### Extracted information
━━━━━━━━

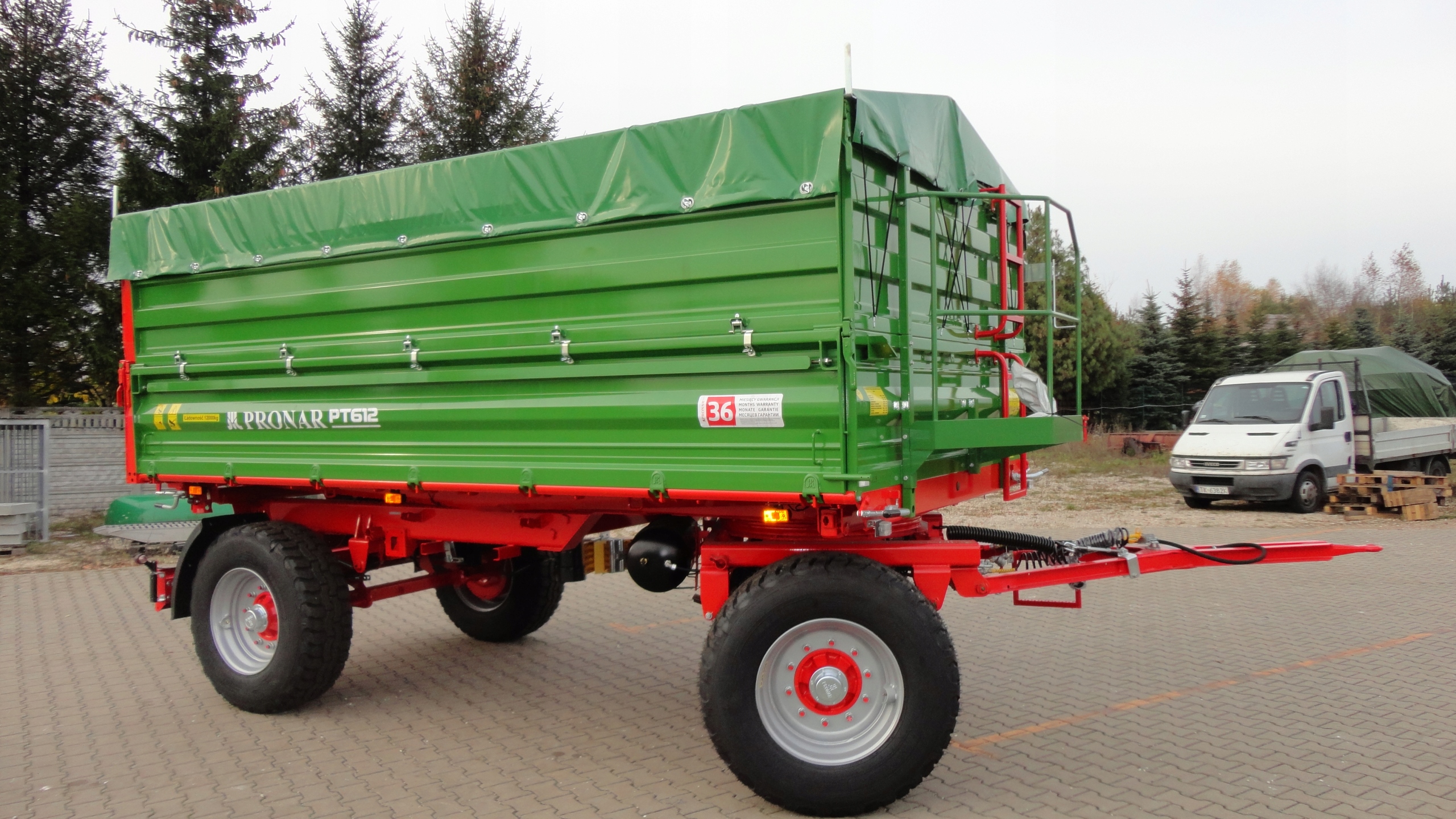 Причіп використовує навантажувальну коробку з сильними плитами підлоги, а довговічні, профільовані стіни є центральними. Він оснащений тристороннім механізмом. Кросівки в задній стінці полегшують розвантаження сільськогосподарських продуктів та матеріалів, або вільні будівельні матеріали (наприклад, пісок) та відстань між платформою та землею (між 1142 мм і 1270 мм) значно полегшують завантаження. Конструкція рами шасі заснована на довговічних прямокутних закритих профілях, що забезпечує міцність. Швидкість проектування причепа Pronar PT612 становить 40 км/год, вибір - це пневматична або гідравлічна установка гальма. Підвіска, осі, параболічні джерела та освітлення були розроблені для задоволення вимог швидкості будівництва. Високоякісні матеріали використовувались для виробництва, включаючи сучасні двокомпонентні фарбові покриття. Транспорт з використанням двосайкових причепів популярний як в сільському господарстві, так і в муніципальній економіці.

━━━━━━━━

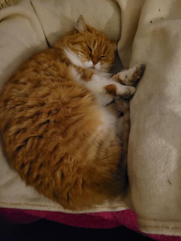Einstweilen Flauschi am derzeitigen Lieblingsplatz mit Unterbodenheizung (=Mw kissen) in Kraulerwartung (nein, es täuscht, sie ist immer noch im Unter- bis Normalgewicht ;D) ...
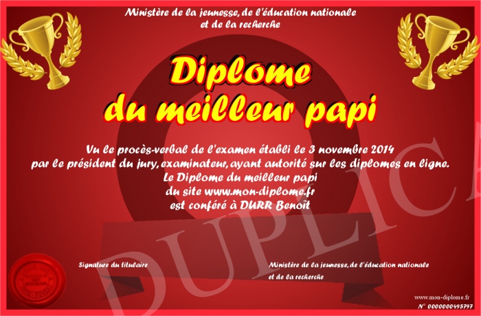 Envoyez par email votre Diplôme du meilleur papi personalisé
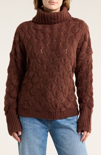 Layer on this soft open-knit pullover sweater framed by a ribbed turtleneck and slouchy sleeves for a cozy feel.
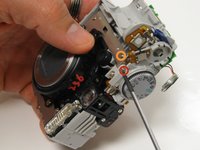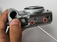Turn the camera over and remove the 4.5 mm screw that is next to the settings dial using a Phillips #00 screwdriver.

━━━━━━━━

### Task to complete
Once the line with "Envoyez par email" is found in the data above, reproduce it and each line after it exactly, through the line with "Turn the camera". Omit the pictures.

### Written answer
 Envoyez par email votre Diplôme du meilleur papi personalisé
 Layer on this soft open-knit pullover sweater framed by a ribbed turtleneck and slouchy sleeves for a cozy feel.
Turn the camera over and remove the 4.5 mm screw that is next to the settings dial using a Phillips #00 screwdriver.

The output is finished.